With ad campaigns and other encouragements, we can, perhaps, increase the number of cats and dogs entering and leaving through the revolving door of our local animal shelters, but spay/neuter programs, not adoption, prevent the overwhelming number of excess pets from needing homes, entering shelters or becoming victims, no matter where on the timeline they are counted.
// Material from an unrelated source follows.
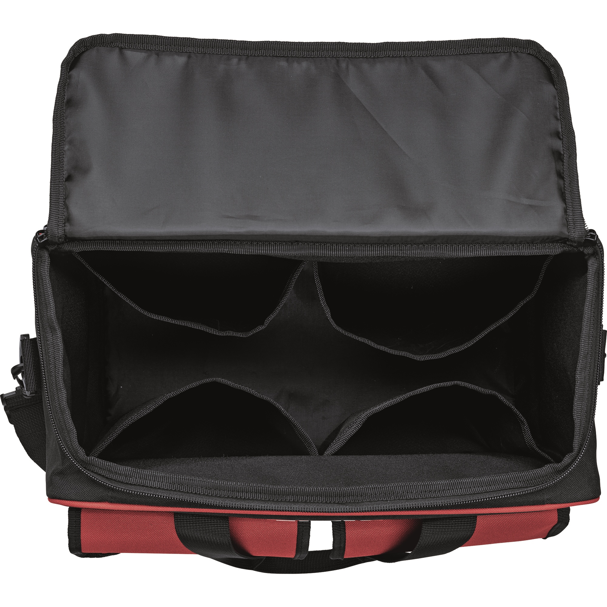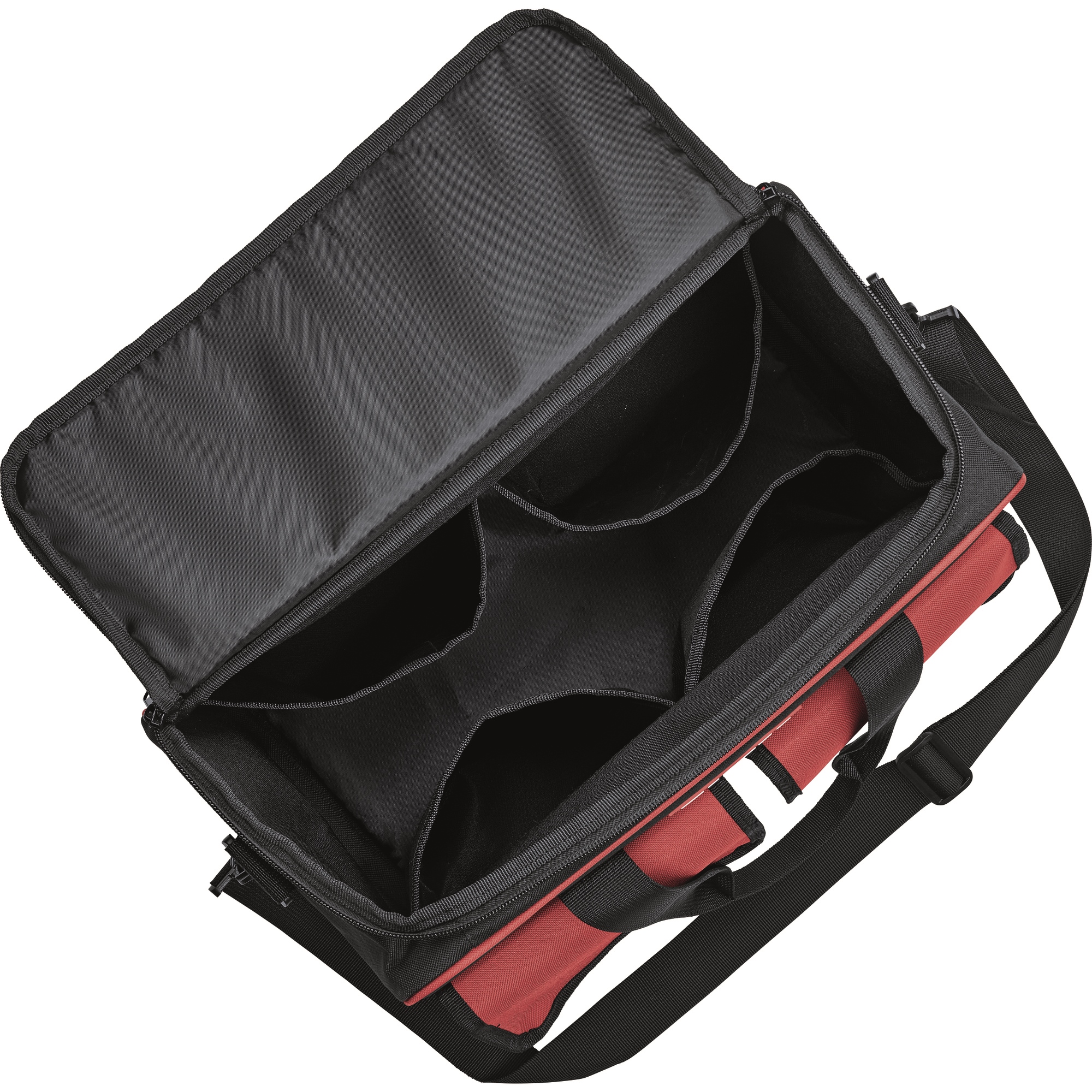 Sac de transport pratique en matière textile renforcée de plastique, résistante à la déchirure, avec large ouverture. Avec un grand espace de rangement à l'intérieur pouvant accueillir jusqu'à trois machines 12V, 2 poches extérieures à l'avant et des compartiments pour les accessoires tels que les batteries, le chargeur, etc.

Nancy Atwater, executive director of Tulsa-based Spay Oklahoma, a high volume spay/neuter program founded in 2004 that currently provides over 12,000 spays or neuters to pets in low-income Tulsa City/County homes each year, says that much of this is a matter of common sense. According to Atwater, "The shelters in most large cities are diligent about spaying or neutering pets before release. So if most pets came from either shelters or breeders, urban spay/neuter programs would serve largely purebred dogs and cats. But that's not what happens. Our clients mainly have mixed-breed animals that were obtained locally. And we see almost as many of these as the number of surplus pets that enter the local shelter every year."
The number of pets entering shelters may be equaled by the number of surplus pets that are never counted. Our vision, and our solution, needs to encompass all that are at risk of hunger, cruelty and neglect.

Shifting our current practice from the collection and dispersal of homeless animals to preventing their births can stop the suffering and abate the need for building or expanding shelters. It can be done. It just means changing our strategy to spay/neuter, something that is cheaper, easier and more humane than building shelters to lock up unwanted pets. This should not take decades.